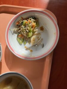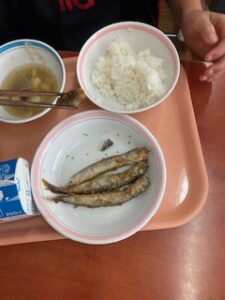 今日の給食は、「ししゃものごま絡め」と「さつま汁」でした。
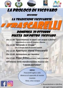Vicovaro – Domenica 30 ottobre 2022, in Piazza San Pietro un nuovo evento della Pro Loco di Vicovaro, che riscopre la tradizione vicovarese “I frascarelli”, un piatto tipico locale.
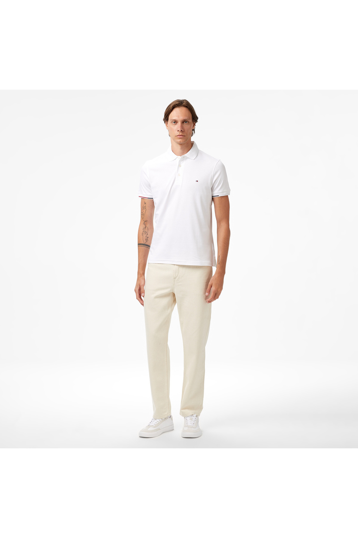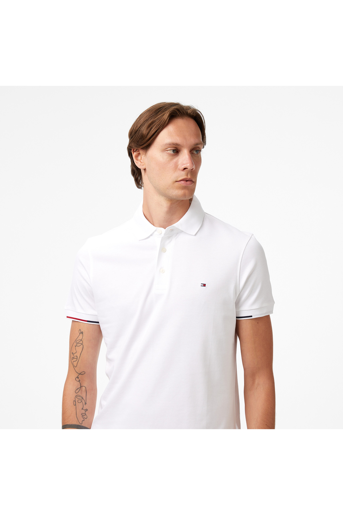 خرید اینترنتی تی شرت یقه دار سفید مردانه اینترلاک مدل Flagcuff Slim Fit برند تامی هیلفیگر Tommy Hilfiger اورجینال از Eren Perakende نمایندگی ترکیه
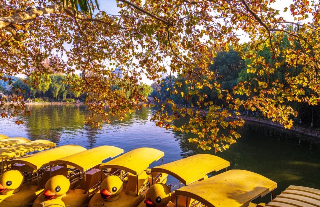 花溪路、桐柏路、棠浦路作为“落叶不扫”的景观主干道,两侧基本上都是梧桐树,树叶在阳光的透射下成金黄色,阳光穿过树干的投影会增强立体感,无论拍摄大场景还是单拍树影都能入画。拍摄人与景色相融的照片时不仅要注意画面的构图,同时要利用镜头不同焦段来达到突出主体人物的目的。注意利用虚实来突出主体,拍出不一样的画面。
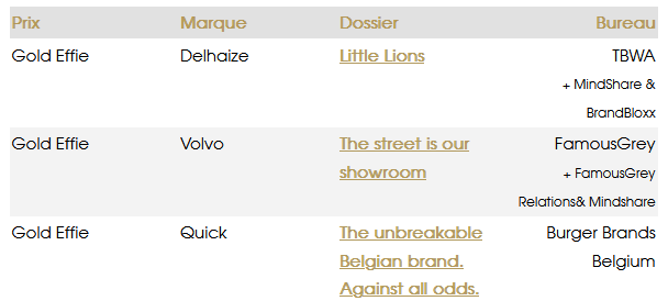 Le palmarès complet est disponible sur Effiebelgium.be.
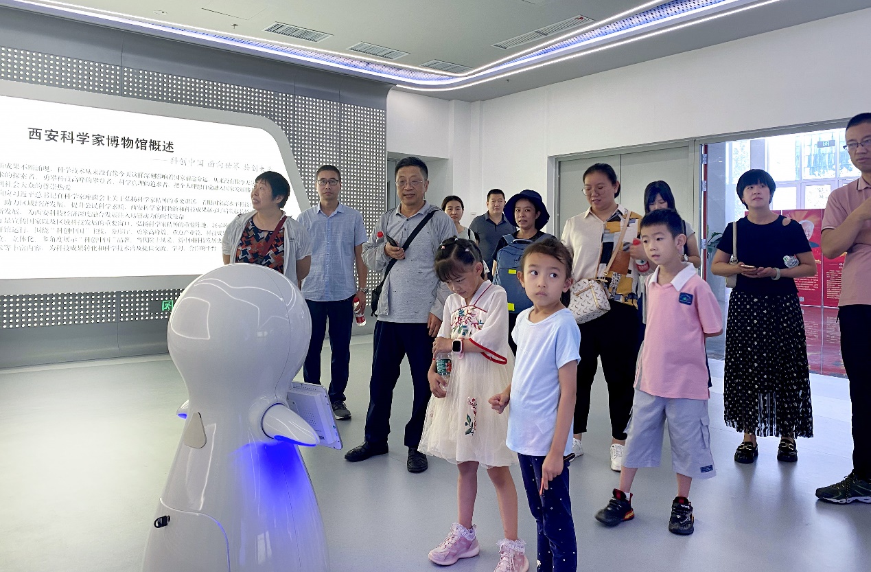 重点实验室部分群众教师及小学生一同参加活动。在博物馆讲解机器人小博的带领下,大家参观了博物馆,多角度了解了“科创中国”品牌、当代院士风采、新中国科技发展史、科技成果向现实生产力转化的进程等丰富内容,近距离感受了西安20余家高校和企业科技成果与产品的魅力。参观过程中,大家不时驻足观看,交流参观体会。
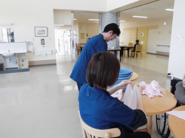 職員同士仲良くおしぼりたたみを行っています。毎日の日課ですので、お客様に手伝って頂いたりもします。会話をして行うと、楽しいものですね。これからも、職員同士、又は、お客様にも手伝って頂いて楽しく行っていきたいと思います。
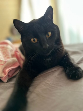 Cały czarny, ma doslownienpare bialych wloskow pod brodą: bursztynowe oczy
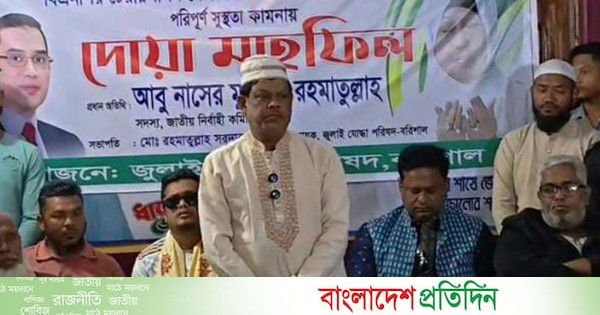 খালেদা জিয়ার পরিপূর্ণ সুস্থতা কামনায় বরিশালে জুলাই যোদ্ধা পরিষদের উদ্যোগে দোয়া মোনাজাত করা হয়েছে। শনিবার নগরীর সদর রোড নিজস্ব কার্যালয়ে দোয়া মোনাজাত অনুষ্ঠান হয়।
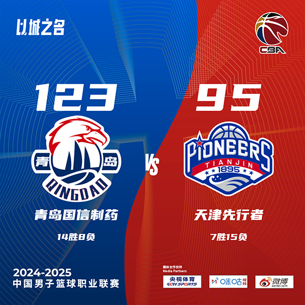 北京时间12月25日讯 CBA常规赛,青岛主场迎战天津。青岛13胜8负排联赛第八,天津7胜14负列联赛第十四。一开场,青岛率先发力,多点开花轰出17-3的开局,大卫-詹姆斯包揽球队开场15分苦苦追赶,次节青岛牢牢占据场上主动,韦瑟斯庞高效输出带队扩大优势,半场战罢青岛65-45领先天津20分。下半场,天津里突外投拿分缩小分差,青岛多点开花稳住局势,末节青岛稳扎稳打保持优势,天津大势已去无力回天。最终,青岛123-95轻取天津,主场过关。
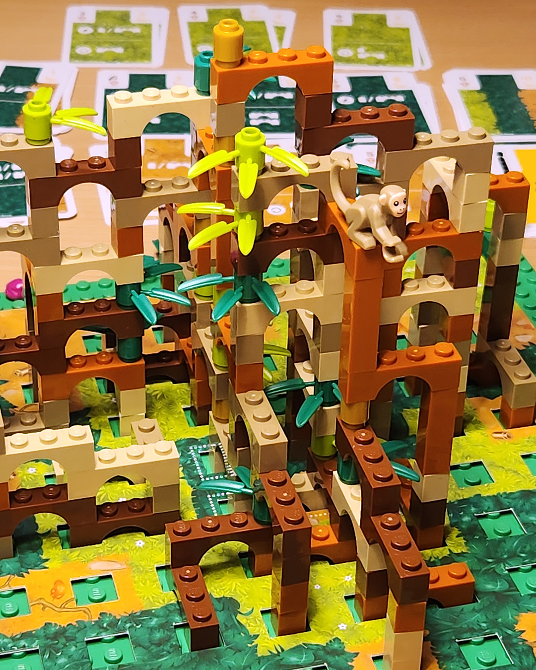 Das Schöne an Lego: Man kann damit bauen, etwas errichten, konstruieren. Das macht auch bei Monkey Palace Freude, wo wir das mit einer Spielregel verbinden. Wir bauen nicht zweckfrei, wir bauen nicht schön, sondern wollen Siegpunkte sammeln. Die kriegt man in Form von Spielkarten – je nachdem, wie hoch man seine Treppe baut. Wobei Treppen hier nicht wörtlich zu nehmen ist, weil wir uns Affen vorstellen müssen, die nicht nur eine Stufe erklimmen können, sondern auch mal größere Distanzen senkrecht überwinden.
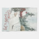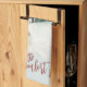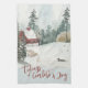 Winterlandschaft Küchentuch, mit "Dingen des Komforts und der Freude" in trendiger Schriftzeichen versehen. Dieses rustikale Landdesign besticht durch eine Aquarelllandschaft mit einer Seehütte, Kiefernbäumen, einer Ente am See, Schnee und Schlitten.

• • • • •

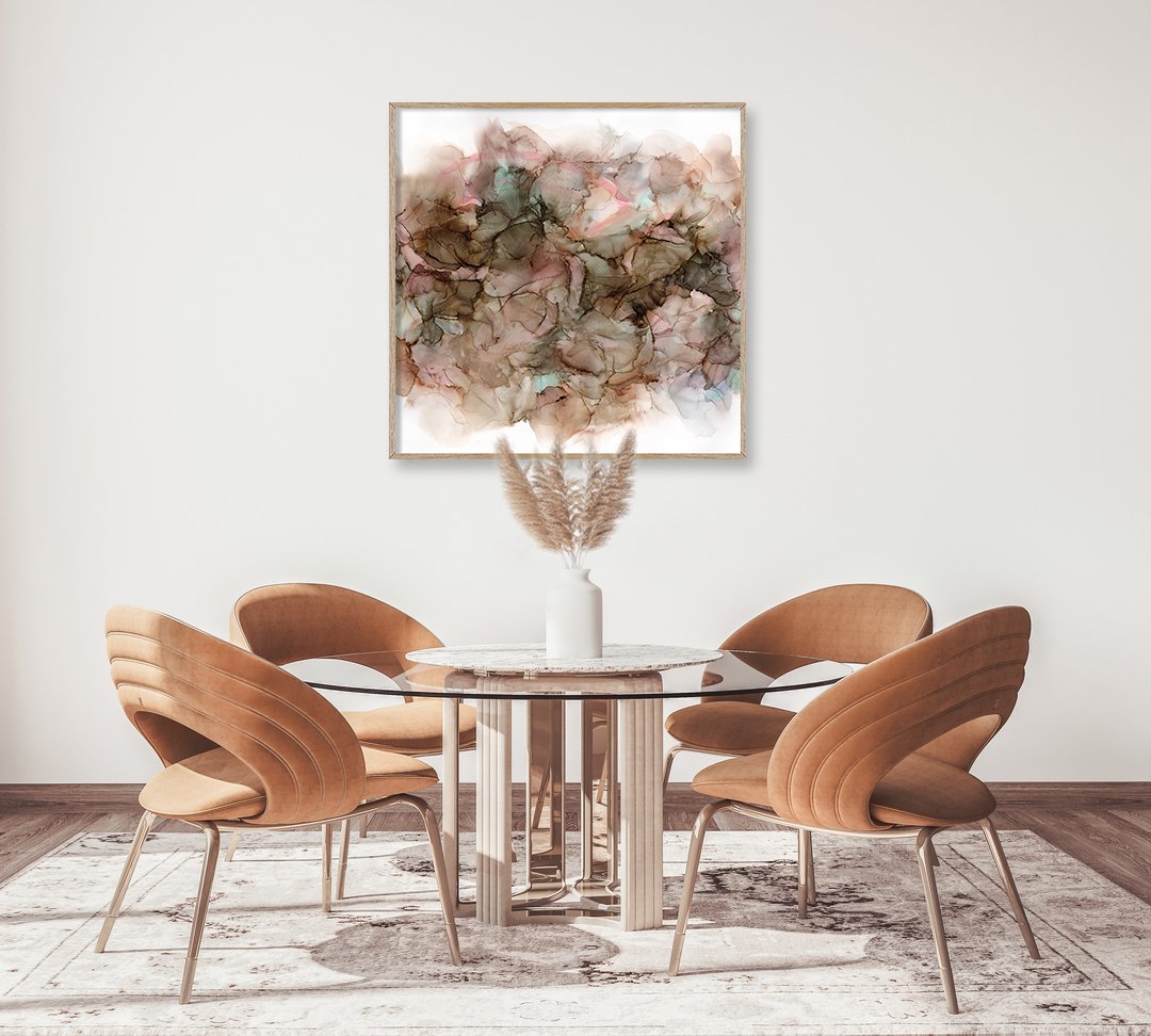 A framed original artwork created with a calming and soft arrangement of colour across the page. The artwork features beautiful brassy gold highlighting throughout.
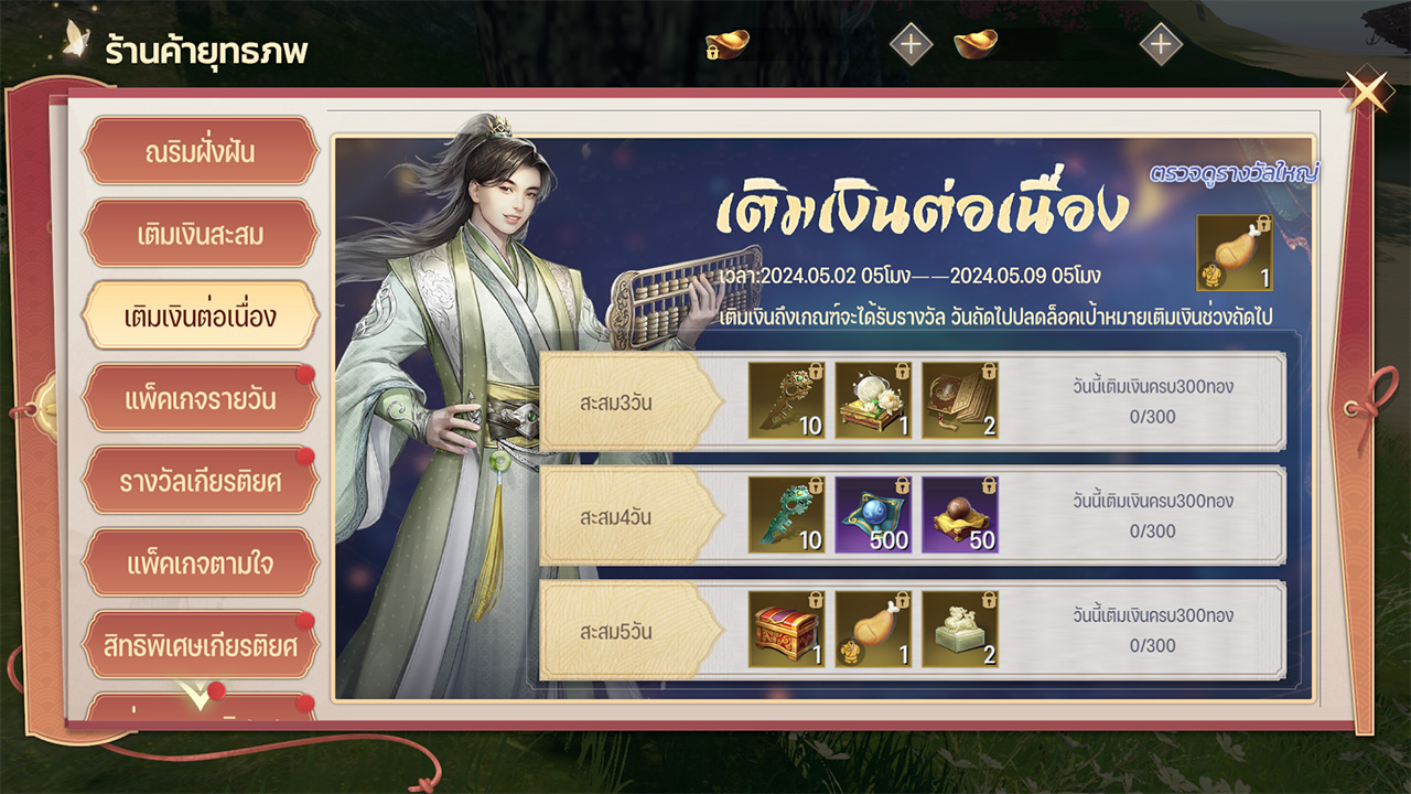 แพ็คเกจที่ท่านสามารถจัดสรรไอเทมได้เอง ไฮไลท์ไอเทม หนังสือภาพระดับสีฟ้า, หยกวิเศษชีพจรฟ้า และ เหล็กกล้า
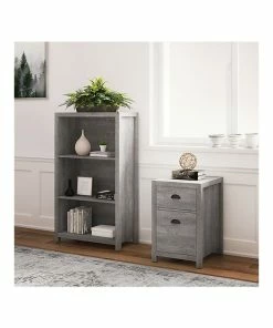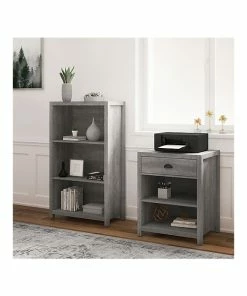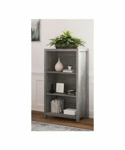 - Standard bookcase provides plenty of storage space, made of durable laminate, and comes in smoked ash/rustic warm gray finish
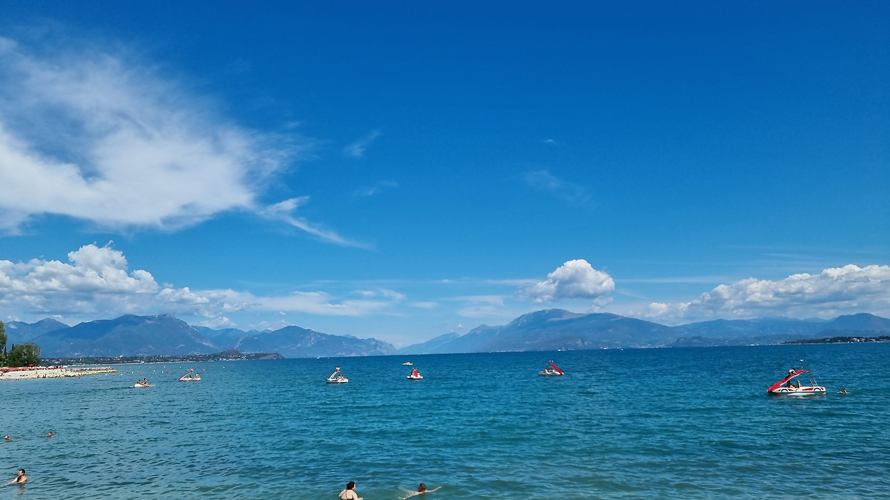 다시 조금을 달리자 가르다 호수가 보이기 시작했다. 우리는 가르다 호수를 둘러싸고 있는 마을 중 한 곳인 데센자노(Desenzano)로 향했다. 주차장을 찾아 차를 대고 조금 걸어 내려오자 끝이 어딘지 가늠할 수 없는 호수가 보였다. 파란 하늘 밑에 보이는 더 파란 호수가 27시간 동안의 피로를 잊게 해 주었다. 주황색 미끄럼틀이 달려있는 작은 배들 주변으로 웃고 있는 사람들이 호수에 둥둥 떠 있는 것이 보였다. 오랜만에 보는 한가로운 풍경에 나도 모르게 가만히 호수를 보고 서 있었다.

• • • • •

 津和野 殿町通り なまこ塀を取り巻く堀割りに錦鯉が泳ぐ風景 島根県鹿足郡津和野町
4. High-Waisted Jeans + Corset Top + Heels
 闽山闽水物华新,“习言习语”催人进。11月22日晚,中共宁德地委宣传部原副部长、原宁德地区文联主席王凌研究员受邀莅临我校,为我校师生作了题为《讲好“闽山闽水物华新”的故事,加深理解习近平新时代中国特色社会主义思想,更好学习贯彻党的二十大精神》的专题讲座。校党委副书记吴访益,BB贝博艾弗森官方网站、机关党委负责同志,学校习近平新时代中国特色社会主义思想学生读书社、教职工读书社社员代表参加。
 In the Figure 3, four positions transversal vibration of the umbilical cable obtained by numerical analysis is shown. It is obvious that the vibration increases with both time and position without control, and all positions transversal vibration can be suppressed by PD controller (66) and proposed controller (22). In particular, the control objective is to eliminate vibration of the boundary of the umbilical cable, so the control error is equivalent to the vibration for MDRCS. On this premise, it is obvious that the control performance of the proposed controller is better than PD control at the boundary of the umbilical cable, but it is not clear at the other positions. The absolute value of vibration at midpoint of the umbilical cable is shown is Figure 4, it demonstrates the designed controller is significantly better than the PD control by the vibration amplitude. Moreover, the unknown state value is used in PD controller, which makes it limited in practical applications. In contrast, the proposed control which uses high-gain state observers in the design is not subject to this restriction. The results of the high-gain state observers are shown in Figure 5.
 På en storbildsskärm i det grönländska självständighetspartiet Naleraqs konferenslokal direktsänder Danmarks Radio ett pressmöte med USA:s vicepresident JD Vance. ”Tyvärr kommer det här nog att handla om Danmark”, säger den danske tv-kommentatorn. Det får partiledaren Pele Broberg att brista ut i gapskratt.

• • • • •

» **HOW TO COMPLETE THIS TASK**
In the listing above, find the line containing "職員同士仲良くおしぼりたたみ" and the line containing "Cały czarny, ma". Reproduce those lines and all between them exactly, with no pictures and nothing more.

» **EXERCISE RESULT**
 職員同士仲良くおしぼりたたみを行っています。毎日の日課ですので、お客様に手伝って頂いたりもします。会話をして行うと、楽しいものですね。これからも、職員同士、又は、お客様にも手伝って頂いて楽しく行っていきたいと思います。
 Cały czarny, ma doslownienpare bialych wloskow pod brodą: bursztynowe oczy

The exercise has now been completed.